- Activity
The lines to extract run from the first line of the material below to the line containing "Всего же с 5", both included; leave the pictures behind.

══ Data under study ══

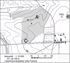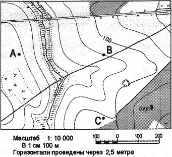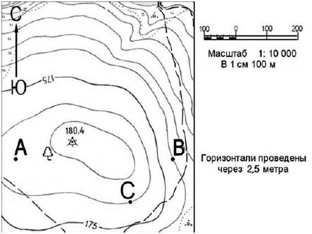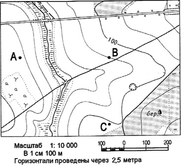 Определите по карте расстояние на местности по прямой от точки А до точки С. Полученный результат округлите до десятков метров. Ответ запишите цифрами. Вопрос id:415261 Тема/шкала: 26.Географические модели. Карта, план местности Определите по карте расстояние на местности по прямой от точки А до колодца. Полученный результат округлите до десятков метров. Ответ запишите цифрами.
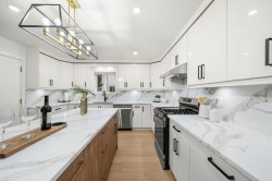 MOVE IN READY! This beautifully transformed 4 bed, 4 bath home offers over 3,000 sq. ft. of living space on a generous 7,200 sq. ft. lot, making it perfect for families. Extensive upgrades include new plumbing, new flooring throughout, brand new kitchen with top-of-the-line SS appliances, brand new windows, updated bathrooms, fresh interior paint, and new exterior siding. The main level features a spacious rec room for upstairs use, while the lower level includes a bright 1 bedroom suite with its own private entry and in-suite laundry, plus the option to convert into a 2 bedroom suite! Detached shop with it's own bathroom provides excellent storage and parking for vehicles, toys, or tools. Located on a quiet street close to schools, parks, shopping, and with easy highway access.
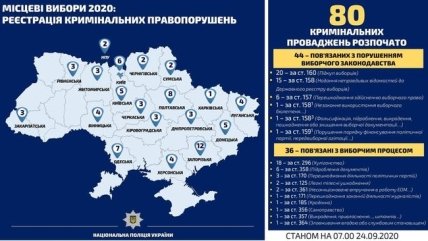 Всего же с 5 сентября территориальные органы Национальной полиции зарегистрировали 712 сообщений, связанных с избирательным процессом.
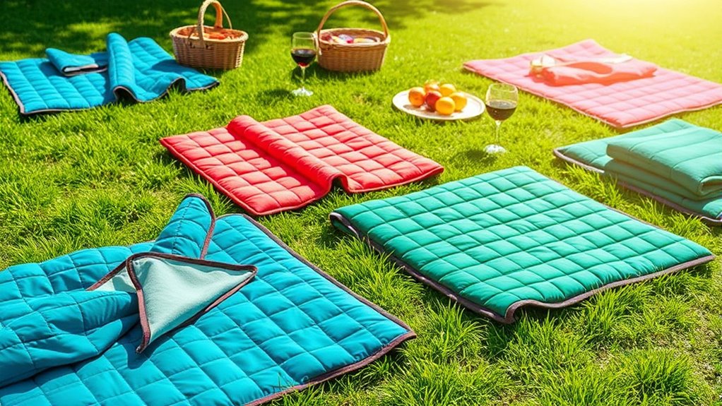 Selecting a picnic blanket that can withstand varying weather conditions helps guarantee your outdoor outings are enjoyable regardless of the forecast. To do this, look for blankets with a sturdy, moisture-resistant backing like PEVA, Oxford, or polyester, which prevent water from seeping through damp ground or wet surfaces. The top layer should feature water-repellent materials such as polyester or nylon to resist rain and spills. Multi-layer designs that include waterproof and sandproof layers offer added protection against moisture, sand, and dirt. Additionally, sealed or coated seams are essential—they stop water from penetrating through stitching during heavy rain or damp conditions. Make sure the blanket’s waterproof features are tested and rated for specific weather scenarios to ensure reliable outdoor performance.
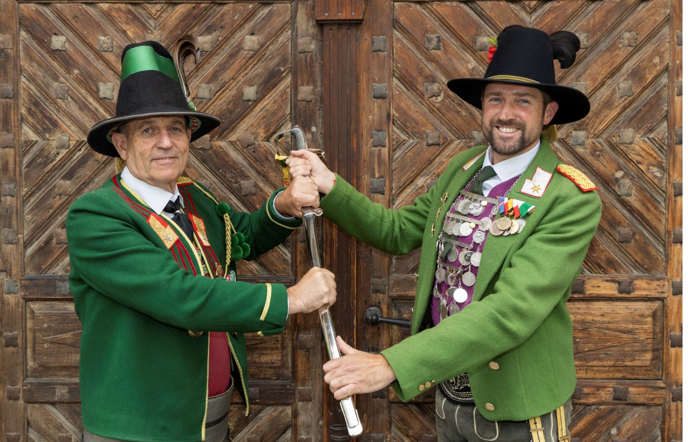 Kommandoübergabe: Der bisherige Landeskommandant Major Mag. Fritz Tiefenthaler überreichte dem neuen Landeskommandanten Major Thomas Saurer den vom ersten Landeskommandanten des Bundes der Tiroler Schützenkompanien, Alt-Landeshauptmann Josef Schumacher, gestifteten Landeskommandanten-Säbel.
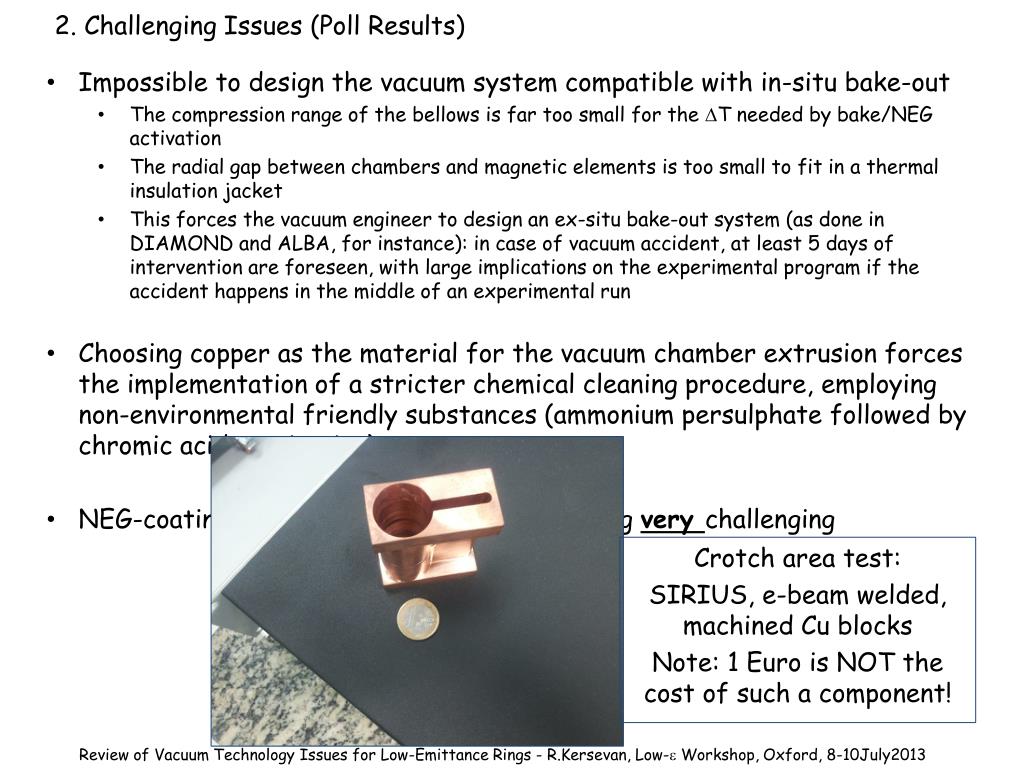 Impossible to design the vacuum system compatible with in-situ bake-out The compression range of the bellows is far too small for the DT needed by bake/NEG activation The radial gap between chambers and magnetic elements is too small to fit in a thermal insulation jacket This forces the vacuum engineer to design an ex-situ bake-out system (as done in DIAMOND and ALBA, for instance): in case of vacuum accident, at least 5 days of intervention are foreseen, with large implications on the experimental program if the accident happens in the middle of an experimental run Choosing copper as the material for the vacuum chamber extrusion forces the implementation of a stricter chemical cleaning procedure, employing non-environmental friendly substances (ammonium persulphate followed by chromic acid passivation) NEG-coating of narrow crotch areas is proving very challenging Review of Vacuum Technology Issues for Low-Emittance Rings- R.Kersevan, Low-e Workshop, Oxford, 8-10July2013 2. Challenging Issues (Poll Results) Crotch area test: SIRIUS, e-beam welded, machined Cu blocks Note: 1 Euro is NOT the cost of such a component!

═══

- Exercise response
 Определите по карте расстояние на местности по прямой от точки А до точки С. Полученный результат округлите до десятков метров. Ответ запишите цифрами. Вопрос id:415261 Тема/шкала: 26.Географические модели. Карта, план местности Определите по карте расстояние на местности по прямой от точки А до колодца. Полученный результат округлите до десятков метров. Ответ запишите цифрами.
 MOVE IN READY! This beautifully transformed 4 bed, 4 bath home offers over 3,000 sq. ft. of living space on a generous 7,200 sq. ft. lot, making it perfect for families. Extensive upgrades include new plumbing, new flooring throughout, brand new kitchen with top-of-the-line SS appliances, brand new windows, updated bathrooms, fresh interior paint, and new exterior siding. The main level features a spacious rec room for upstairs use, while the lower level includes a bright 1 bedroom suite with its own private entry and in-suite laundry, plus the option to convert into a 2 bedroom suite! Detached shop with it's own bathroom provides excellent storage and parking for vehicles, toys, or tools. Located on a quiet street close to schools, parks, shopping, and with easy highway access.
 Всего же с 5 сентября территориальные органы Национальной полиции зарегистрировали 712 сообщений, связанных с избирательным процессом.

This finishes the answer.